April 25 (Bloomberg) -- Atos, a French rival of computer-services giant International Business Machines Corp., has received interest from potential partners for the electronic-payments unit it’s planning to split off by midyear.
A share of the payments unit could be sold to one or more partners, Senior Executive Vice President Gilles Grapinet said today in a phone interview. The Bezons, France-based company said in February it’s seeking to sell a minority stake in the unit, with an initial public offering as one option, to finance acquisitions to expand the business.
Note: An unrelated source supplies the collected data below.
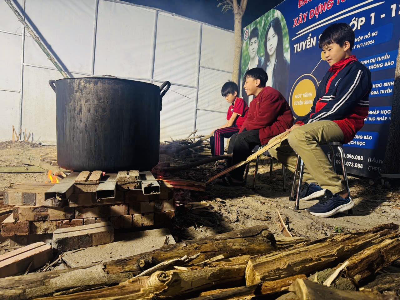 Đặc biệt, trong Đêm du mục 2 các em còn được tự tay làm mâm cơm Tết đoàn viên và ngồi trông bánh chưng bên những bếp lửa rực đỏ vô cùng hạnh phúc, ấm áp.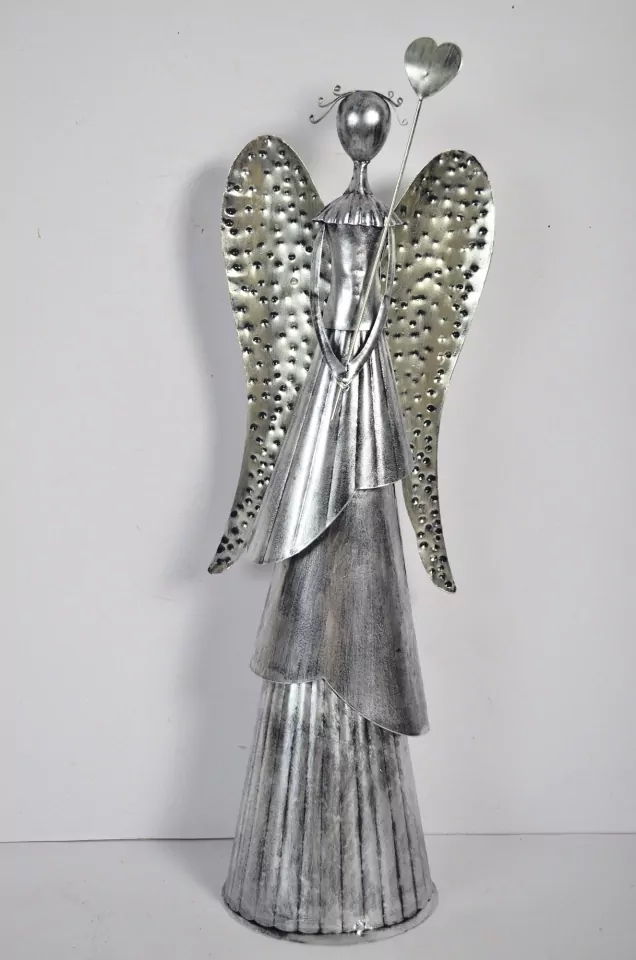 - Plechový anděl Wave stříbrný-champagne se srdíčkem, 65,5 cm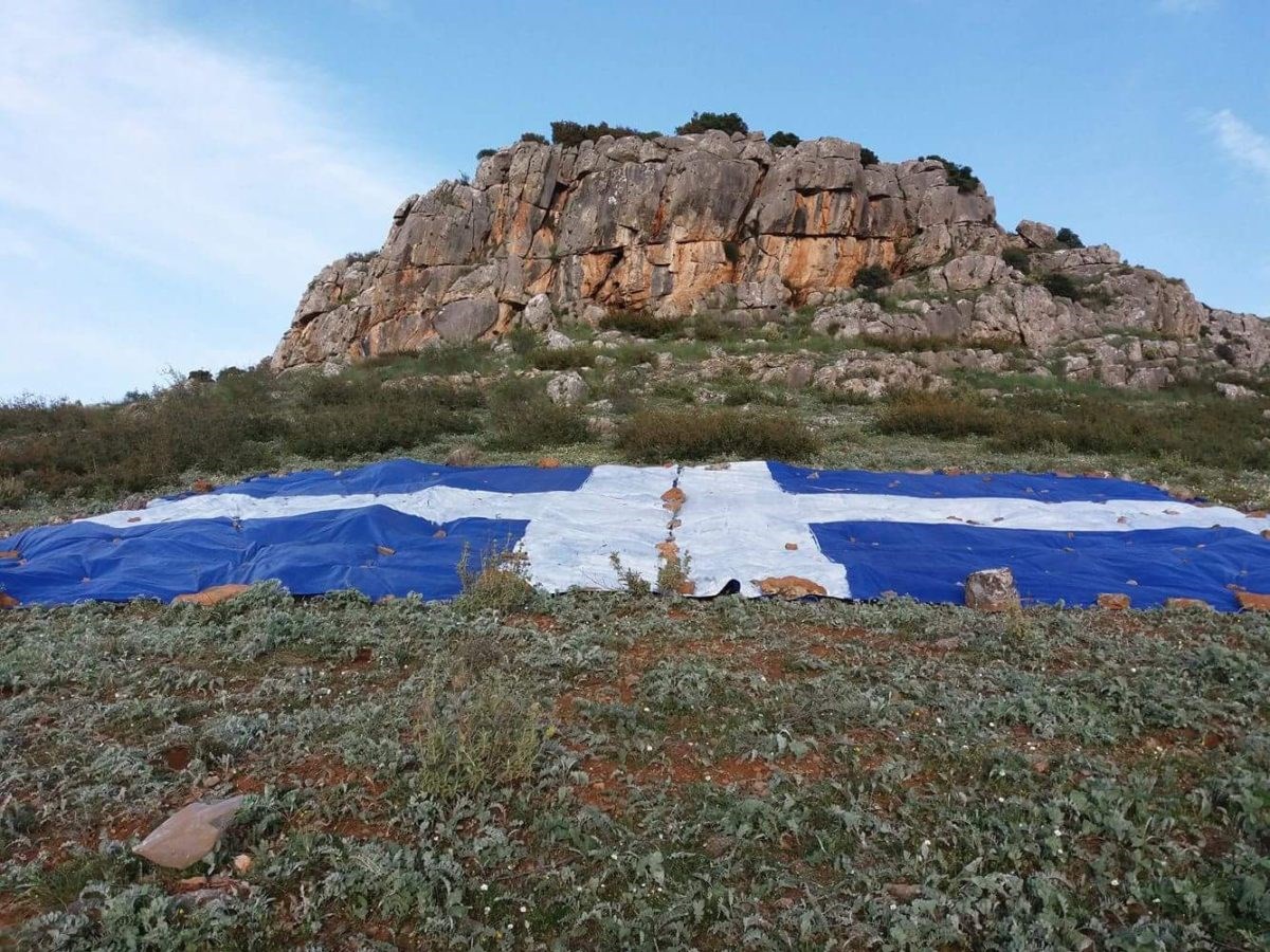 Μία τεράστια ελληνική σημαία 200 τετραγωνικών μέτρων τοποθέτησαν στο λόφο Σούρλα στα Φάρσαλα το Σάββατο. Ο λόφος Σούρλα βρίσκεται ανατολικά των Φαρσάλων και είναι πετρώδης και βραχώδης.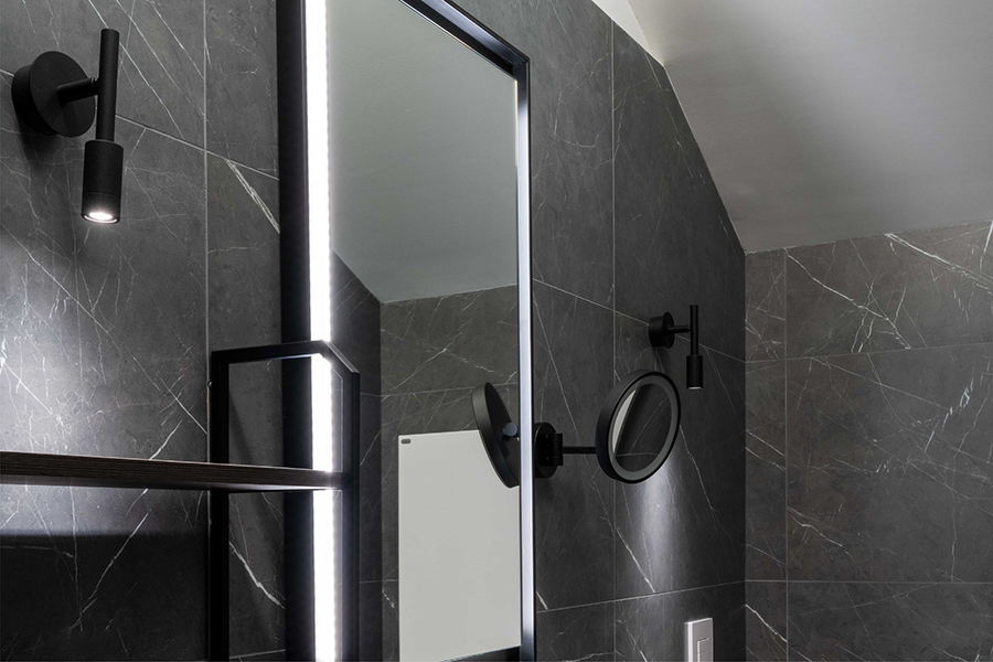 - Płyta ścienna z odlewanego ciśnieniowo aluminium w kolorze białym, szampańskim, matowym czarnym, brązowym lub tytanowym lakierem poliakrylowym.

“Our announcement about the carve-out has generated a great deal of strategic interest from players in the payments world,” Grapinet said. “We’re busy finalizing the carve-out, that’s our priority. Our finance and mergers and acquisitions teams are evaluating scenarios.”
Atos’s goal is to make the electronic-payments unit, which had 1.1 billion euros ($1.4 billion) in sales last year, into Europe’s largest, Grapinet said. The company intends to keep majority of the unit once it has been split off, he said.
Grapinet declined to say if Atos has started discussions with any of the potential partners. The company has been approached by bankers about options, he said.
Atos today reported first-quarter sales fell 1.2 percent to 2.12 billion euros. The company confirmed its yearly forecast for “slight revenue growth” and an operating margin around 7.5 percent of sales, up from 6.6 percent in 2012.
Shares of Atos rose 2.2 percent to 53.13 euros at 9:19 a.m. in Paris. The stock had gained 13 percent in the 12 months preceding yesterday’s close.
“We expect a ramp-up throughout the year from what we see as a low point in the first quarter,” Grapinet said. “That’s both for macroeconomic reasons and because some large contracts we signed last year are bearing fruit.”